--- WHAT YOU NEED TO DO ---
Set down the data below word for word, and leave the images aside.

--- DATASET CONTENT Enclosed Below ---

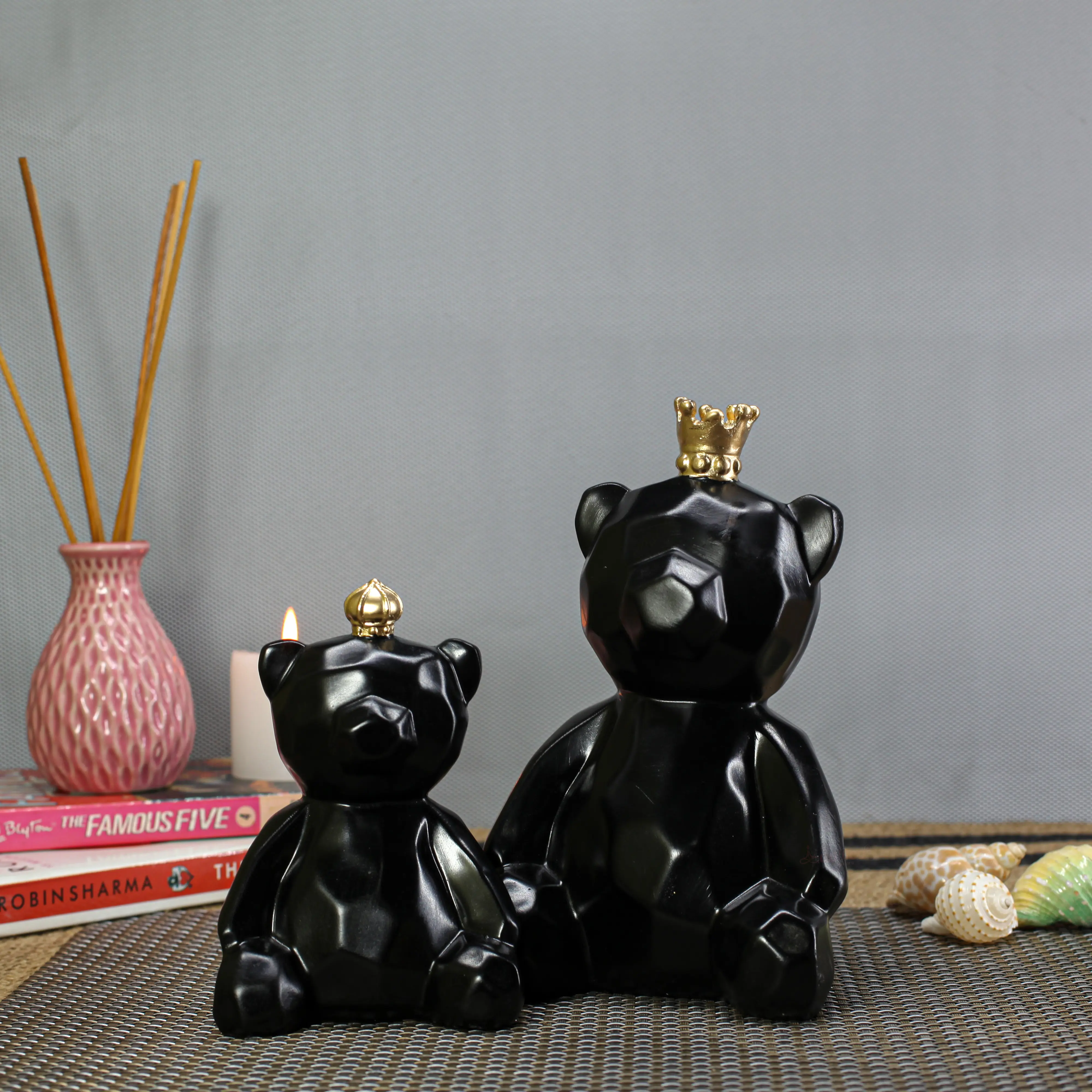 Add a royal touch to your décor with the Luxury Black Geometric Teddy Bear Couple Resin Showpiece with Gold Crowns by Urban Kraft. Crafted from premium polyresin, this stylish teddy bear set features a bold matte black finish complemented by elegant gold crown detailing. The modern geometric design symbolizes love, unity, and sophistication. Perfect for living rooms, bedrooms, office desks, shelves, cafés, and boutique interiors, this teddy bear couple enhances both luxury and minimalist spaces. Durable, lightweight, and easy to maintain, it makes an excellent gifting choice for anniversaries, weddings, Valentine’s Day, birthdays, housewarming ceremonies, and festive occasions. A beautiful blend of modern art and emotional value, this décor piece instantly elevates any space.
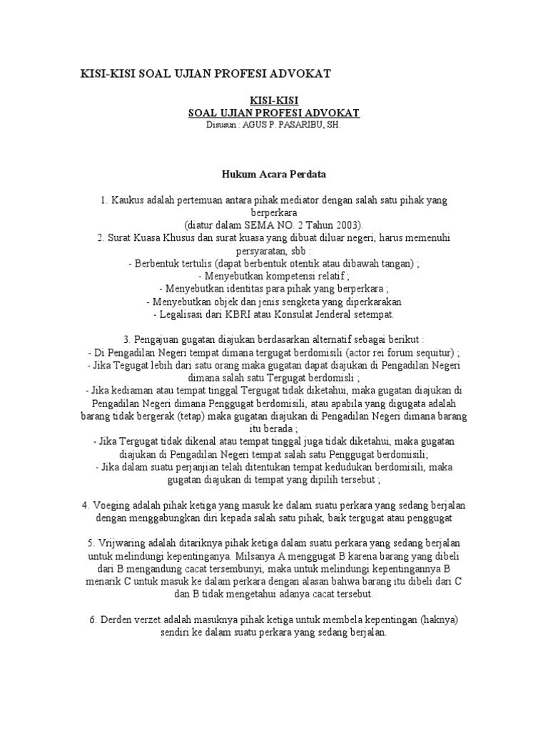 Microsoft project online solution is a flexible online contoh latihan soal essay ujian profesi advokat solution for project portfolio management ppm and everyday work. Mohon berkenan menerima beberapa soal latihan dan pembahasan yang dahulunya saya pakai dalam mempersiapkan diri ujian advokat. We can either improve your writing before your teacher sees the work or make corrections after. The customer ordering the services is not in any way contoh latihan soal essay ujian profesi advokat authorized to reproduce or copy both a completed paper essay term paper research paper coursework. Blog ini saya tuliskan untuk teman teman yang berusaha dan berjuang mengejar profesi sebagai advokat officium nobile saya berharap ringkasan soal soal upa ini membantu proses perjuangan tersebut saat menghadapi ujian profesi advokat yang di selenggarakan oleh peradi dengan besar harapan semoga teman teman semua dapat di nyatakan lulus ujian keep spirit ya guys. Segala isi dan materi hanyalah karangan penulis belaka.
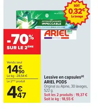 Actuellement en offre chez Carrefour : ARIEL PODS Lessive en capsules ✅ Valable du 21-04 au 4-05.

--- End of Enclosed DATASET CONTENT ---

--- ANSWER AREA ---
 Add a royal touch to your décor with the Luxury Black Geometric Teddy Bear Couple Resin Showpiece with Gold Crowns by Urban Kraft. Crafted from premium polyresin, this stylish teddy bear set features a bold matte black finish complemented by elegant gold crown detailing. The modern geometric design symbolizes love, unity, and sophistication. Perfect for living rooms, bedrooms, office desks, shelves, cafés, and boutique interiors, this teddy bear couple enhances both luxury and minimalist spaces. Durable, lightweight, and easy to maintain, it makes an excellent gifting choice for anniversaries, weddings, Valentine’s Day, birthdays, housewarming ceremonies, and festive occasions. A beautiful blend of modern art and emotional value, this décor piece instantly elevates any space.
 Microsoft project online solution is a flexible online contoh latihan soal essay ujian profesi advokat solution for project portfolio management ppm and everyday work. Mohon berkenan menerima beberapa soal latihan dan pembahasan yang dahulunya saya pakai dalam mempersiapkan diri ujian advokat. We can either improve your writing before your teacher sees the work or make corrections after. The customer ordering the services is not in any way contoh latihan soal essay ujian profesi advokat authorized to reproduce or copy both a completed paper essay term paper research paper coursework. Blog ini saya tuliskan untuk teman teman yang berusaha dan berjuang mengejar profesi sebagai advokat officium nobile saya berharap ringkasan soal soal upa ini membantu proses perjuangan tersebut saat menghadapi ujian profesi advokat yang di selenggarakan oleh peradi dengan besar harapan semoga teman teman semua dapat di nyatakan lulus ujian keep spirit ya guys. Segala isi dan materi hanyalah karangan penulis belaka.
 Actuellement en offre chez Carrefour : ARIEL PODS Lessive en capsules ✅ Valable du 21-04 au 4-05.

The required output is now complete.